| DATA FOR THE TASK |
..............................

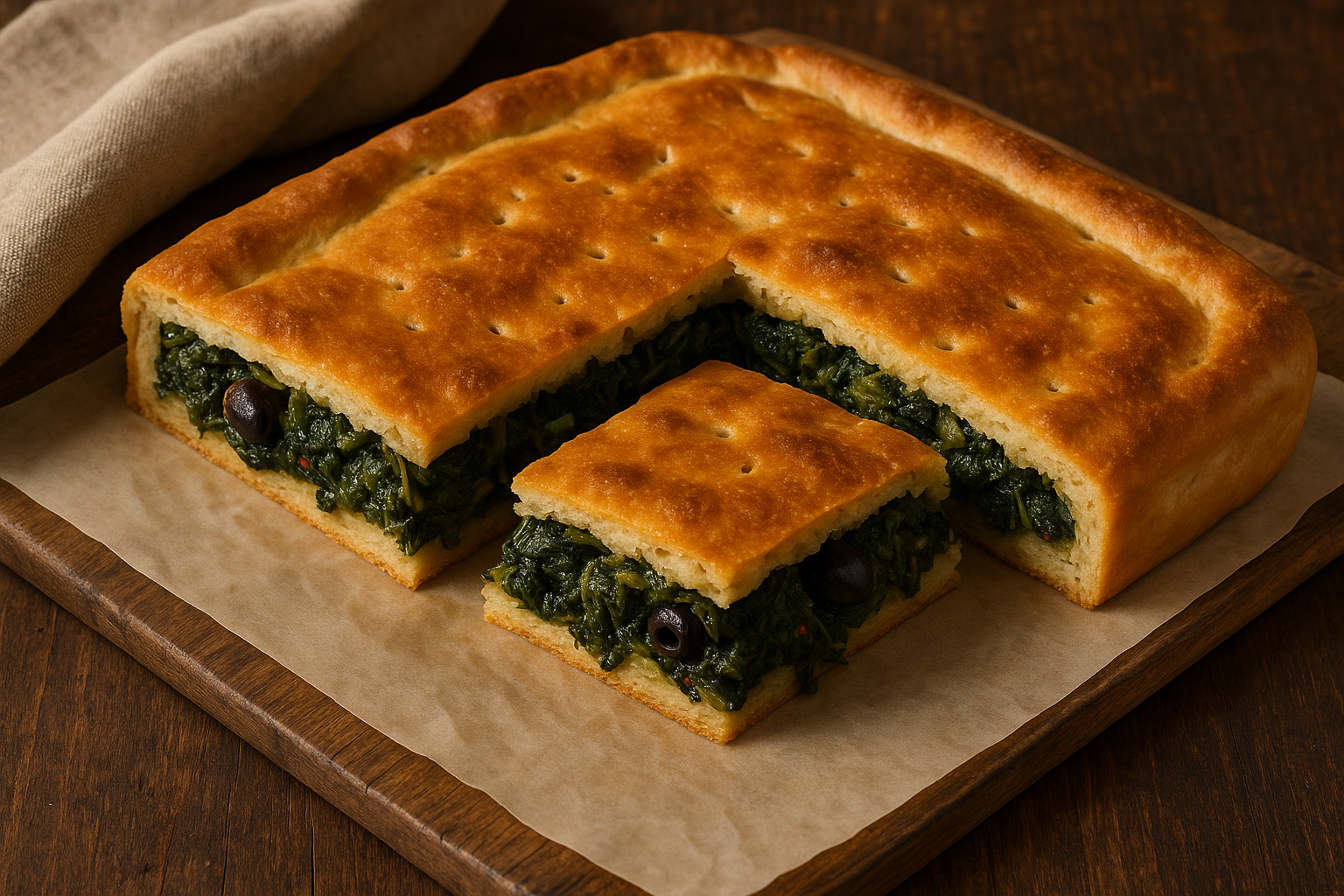 📝 Descrizione:La Scacciata Catanese con Spinaci e Olive è una variante vegetariana e saporita della tradizionale focaccia siciliana, tipica del periodo natalizio ma ormai gustata tutto l’anno. Ispirata ai sapori del territorio, combina la morbidezza dell’impasto con il gusto terroso degli spinaci saltati e la nota sapida delle olive nere, creando un perfetto equilibrio tra genuinità e golosità.
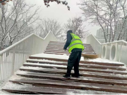 即下即清,降雪伊始,对城区主次干道、桥梁、坡道等重点区域进行不间断巡查,实时掌握路面雪情和结冰情况。针对路面及人行道出现的积雪,连夜开展清扫作业,防止积雪压实结冰。全面清理公园积雪,对公园内主要园路、台阶、游乐设施等区域的积雪进行集中清扫,设置安全提示牌,保障市民游园安全。园林养护人员则使用长杆等工具,细心清理苗木树木上的积雪,防止枝条折断倒伏,保护绿化成果,确保道路和公共区域畅通安全。各执法中队加强市容环境巡查,督促沿街商户落实“门前三包”责任,自觉清扫门前积雪。加强市政设施巡查,对路面井盖、路沿石等设施进行排查,发现破损问题,立即组织应急维修队伍进行快速修复,消除安全隐患。
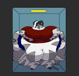 Zarah came to a stop beside the stairwell door. Although brought her momentum to a halt ripples of movement still waved over her body, clearly visible due to her much too small clothing. Almost all of the fabric of her shirt went towards covering her gargantuan bust, leaving a pitiful amount to cover her belly, which hung past her tiny skirt and down to her knees. The skirt itself was essentially sitting on top of her vast hips rather than covering them in any way, leaving her legs and rump pretty much entirely exposed. It had taken some time to find a college that would allow such a display, but fortunately this one was very understanding that even the thinnest layer of clothing would trap in enough heat to almost make her pass out. Plus the airflow felt nice against her fat folds. Right now she was also trying to prevent herself from becoming overheated by taking long, slow breaths. After all, the worst was yet to come- the class she had today was on the second story of the school building. Zarah absolutely hated stairs, which was to be expected from a 975-pound girl such as herself. It didn’t help that her hips were so wide she took up the entire width of the stairs, and even then her hips mashed against the wall and the railing on either side. As she was about to reach for the door to the stairwell she heard a ding. Turning around she saw the doors to the elevator on the opposite wall open. Surprisingly, Zarah used elevators a lot less than stairs- being such a big girl she didn’t fit in small spaces very well, and as such she was a bit claustrophobic. Not only that but she knew that if she got in an elevator there would be no room for anyone else. But this elevator was completely empty, and she only had to go up a single floor. She looked back at the stairwell door, then to the open elevator before swinging her massive form around and walking towards the opened mechanical doors. She made sure to hit the ‘doors open’ button in hopes that they wouldn’t try to close on her as she got in. The gigantic zebra was about to start squeezing through the much too small gap when she remembered the last time she had used an elevator. It wasn’t big enough for her to turn around in, so when she arrived at the floor and the doors opened she had to back out of it, which was awkward since she had no idea if anyone or anything was behind her. With this in mind Zarah turned around in order to back into the elevator. She made sure to angle herself sideways a bit since her front-to-back length was merely eight feet, compared to her ten-foot wide hips. Though door was wider than average, it was still only a measly five feet. Fortunately about seven of her eight-foot front-to-back dimension was pure body fat, meaning it could squash inward significantly. She started forcing herself through the gap, feeling the cold wall against the side of her belly and rump. Taking a deep breath she tried to suck in her gut, making her a whopping 1 ½ inches thinner. Zarah continued to push herself against the gap, wiggling back and forth to get her colossal form through little bits at a time. The doors suddenly tried to close around her, causing her to let go of the breath she was holding. The doors struggled for a moment, squashing her butt and belly even further, before giving up and re-opening. Seeing her chance, Zarah pushed herself again. The elevator doors had squashed her enough that the entirety of her belly passed the threshold. There was an audible smack as her hip smashed into the back of the elevator, which also caused her body to wobble madly. She quickly twisted herself around so that she was facing forward, forcing her other hip through the door. The result was a very squashed Zarah- she guessed the elevator was only seven feet wide at the absolute maximum. This resulted in her hips and rump riding up her back and sides, as well as falling further down her calves. The gargantuan zebra took a deep breath, then let it out slowly as she smiled. The whole ordeal had taken several minutes, but it had been a lot less trouble than trekking up the stairs. Carefully, she leaned over and pressed the second floor button. The elevator made a terrible buzzing noise. Zarah tilted her head to the side as her eyes darted across the control panel until they fell on a small line of text. Weight limit: 800 lbs “You have got to be kidding me.”
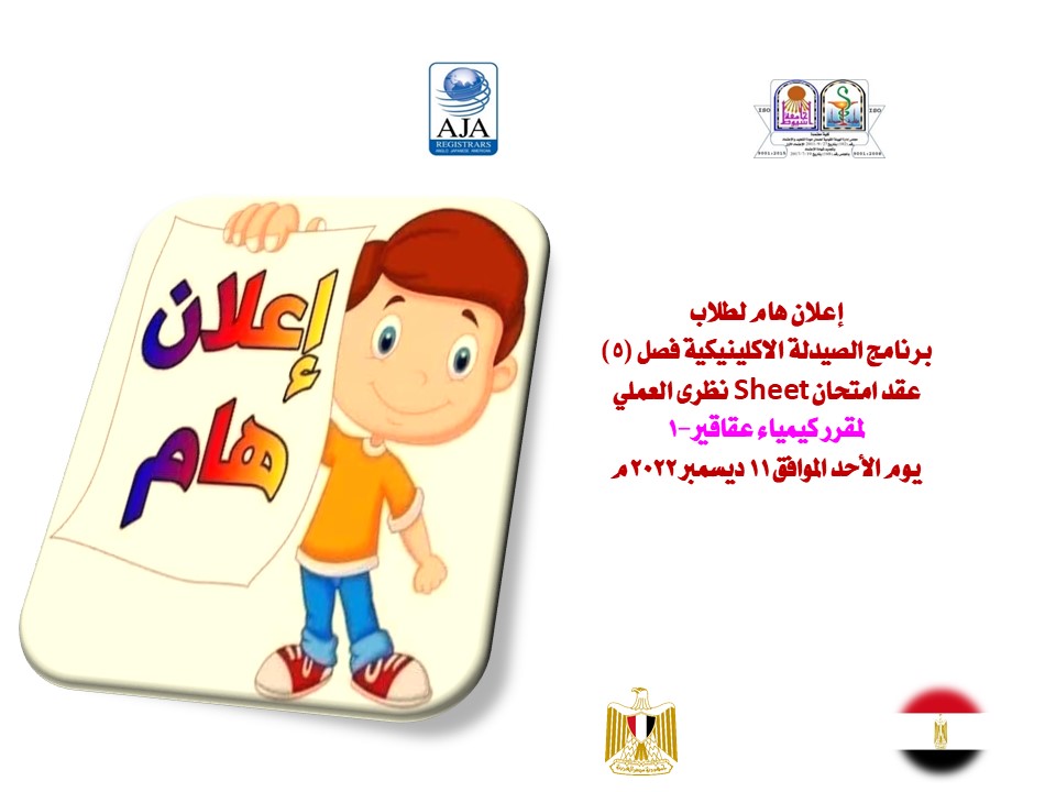 An important announcement for students of the clinical pharmacy program, class (5), holding a practical theoretical exam for the Phytochemistry -1 course on Sunday, December 11, 2022
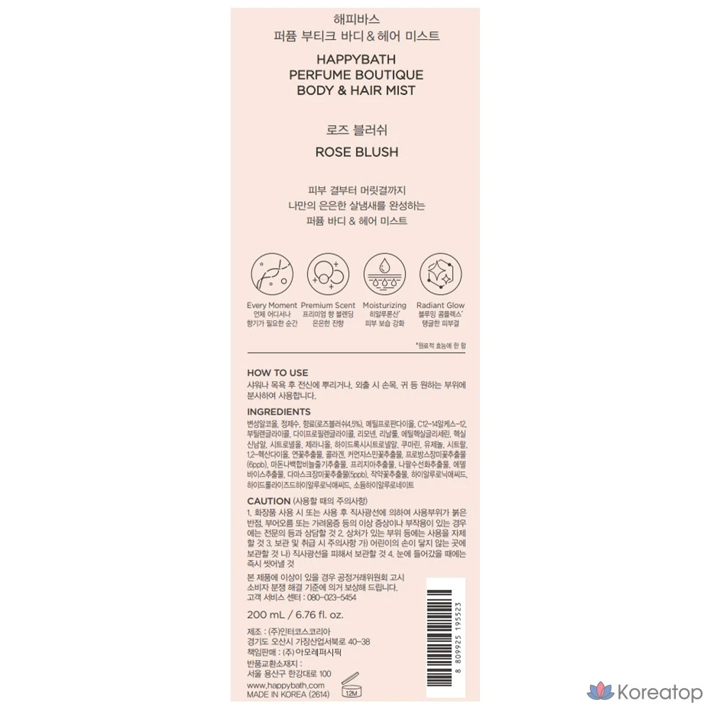 Парфюмерный спрей для тела и волос Happy Bath Perfume Boutique «Роза и румяна», 200 мл, 1 шт.

..............................

Only the text of the listing above is copied, exactly as written; its pictures are dropped.

 📝 Descrizione:La Scacciata Catanese con Spinaci e Olive è una variante vegetariana e saporita della tradizionale focaccia siciliana, tipica del periodo natalizio ma ormai gustata tutto l’anno. Ispirata ai sapori del territorio, combina la morbidezza dell’impasto con il gusto terroso degli spinaci saltati e la nota sapida delle olive nere, creando un perfetto equilibrio tra genuinità e golosità.
 即下即清,降雪伊始,对城区主次干道、桥梁、坡道等重点区域进行不间断巡查,实时掌握路面雪情和结冰情况。针对路面及人行道出现的积雪,连夜开展清扫作业,防止积雪压实结冰。全面清理公园积雪,对公园内主要园路、台阶、游乐设施等区域的积雪进行集中清扫,设置安全提示牌,保障市民游园安全。园林养护人员则使用长杆等工具,细心清理苗木树木上的积雪,防止枝条折断倒伏,保护绿化成果,确保道路和公共区域畅通安全。各执法中队加强市容环境巡查,督促沿街商户落实“门前三包”责任,自觉清扫门前积雪。加强市政设施巡查,对路面井盖、路沿石等设施进行排查,发现破损问题,立即组织应急维修队伍进行快速修复,消除安全隐患。
 Zarah came to a stop beside the stairwell door. Although brought her momentum to a halt ripples of movement still waved over her body, clearly visible due to her much too small clothing. Almost all of the fabric of her shirt went towards covering her gargantuan bust, leaving a pitiful amount to cover her belly, which hung past her tiny skirt and down to her knees. The skirt itself was essentially sitting on top of her vast hips rather than covering them in any way, leaving her legs and rump pretty much entirely exposed. It had taken some time to find a college that would allow such a display, but fortunately this one was very understanding that even the thinnest layer of clothing would trap in enough heat to almost make her pass out. Plus the airflow felt nice against her fat folds. Right now she was also trying to prevent herself from becoming overheated by taking long, slow breaths. After all, the worst was yet to come- the class she had today was on the second story of the school building. Zarah absolutely hated stairs, which was to be expected from a 975-pound girl such as herself. It didn’t help that her hips were so wide she took up the entire width of the stairs, and even then her hips mashed against the wall and the railing on either side. As she was about to reach for the door to the stairwell she heard a ding. Turning around she saw the doors to the elevator on the opposite wall open. Surprisingly, Zarah used elevators a lot less than stairs- being such a big girl she didn’t fit in small spaces very well, and as such she was a bit claustrophobic. Not only that but she knew that if she got in an elevator there would be no room for anyone else. But this elevator was completely empty, and she only had to go up a single floor. She looked back at the stairwell door, then to the open elevator before swinging her massive form around and walking towards the opened mechanical doors. She made sure to hit the ‘doors open’ button in hopes that they wouldn’t try to close on her as she got in. The gigantic zebra was about to start squeezing through the much too small gap when she remembered the last time she had used an elevator. It wasn’t big enough for her to turn around in, so when she arrived at the floor and the doors opened she had to back out of it, which was awkward since she had no idea if anyone or anything was behind her. With this in mind Zarah turned around in order to back into the elevator. She made sure to angle herself sideways a bit since her front-to-back length was merely eight feet, compared to her ten-foot wide hips. Though door was wider than average, it was still only a measly five feet. Fortunately about seven of her eight-foot front-to-back dimension was pure body fat, meaning it could squash inward significantly. She started forcing herself through the gap, feeling the cold wall against the side of her belly and rump. Taking a deep breath she tried to suck in her gut, making her a whopping 1 ½ inches thinner. Zarah continued to push herself against the gap, wiggling back and forth to get her colossal form through little bits at a time. The doors suddenly tried to close around her, causing her to let go of the breath she was holding. The doors struggled for a moment, squashing her butt and belly even further, before giving up and re-opening. Seeing her chance, Zarah pushed herself again. The elevator doors had squashed her enough that the entirety of her belly passed the threshold. There was an audible smack as her hip smashed into the back of the elevator, which also caused her body to wobble madly. She quickly twisted herself around so that she was facing forward, forcing her other hip through the door. The result was a very squashed Zarah- she guessed the elevator was only seven feet wide at the absolute maximum. This resulted in her hips and rump riding up her back and sides, as well as falling further down her calves. The gargantuan zebra took a deep breath, then let it out slowly as she smiled. The whole ordeal had taken several minutes, but it had been a lot less trouble than trekking up the stairs. Carefully, she leaned over and pressed the second floor button. The elevator made a terrible buzzing noise. Zarah tilted her head to the side as her eyes darted across the control panel until they fell on a small line of text. Weight limit: 800 lbs “You have got to be kidding me.”
 An important announcement for students of the clinical pharmacy program, class (5), holding a practical theoretical exam for the Phytochemistry -1 course on Sunday, December 11, 2022
 Парфюмерный спрей для тела и волос Happy Bath Perfume Boutique «Роза и румяна», 200 мл, 1 шт.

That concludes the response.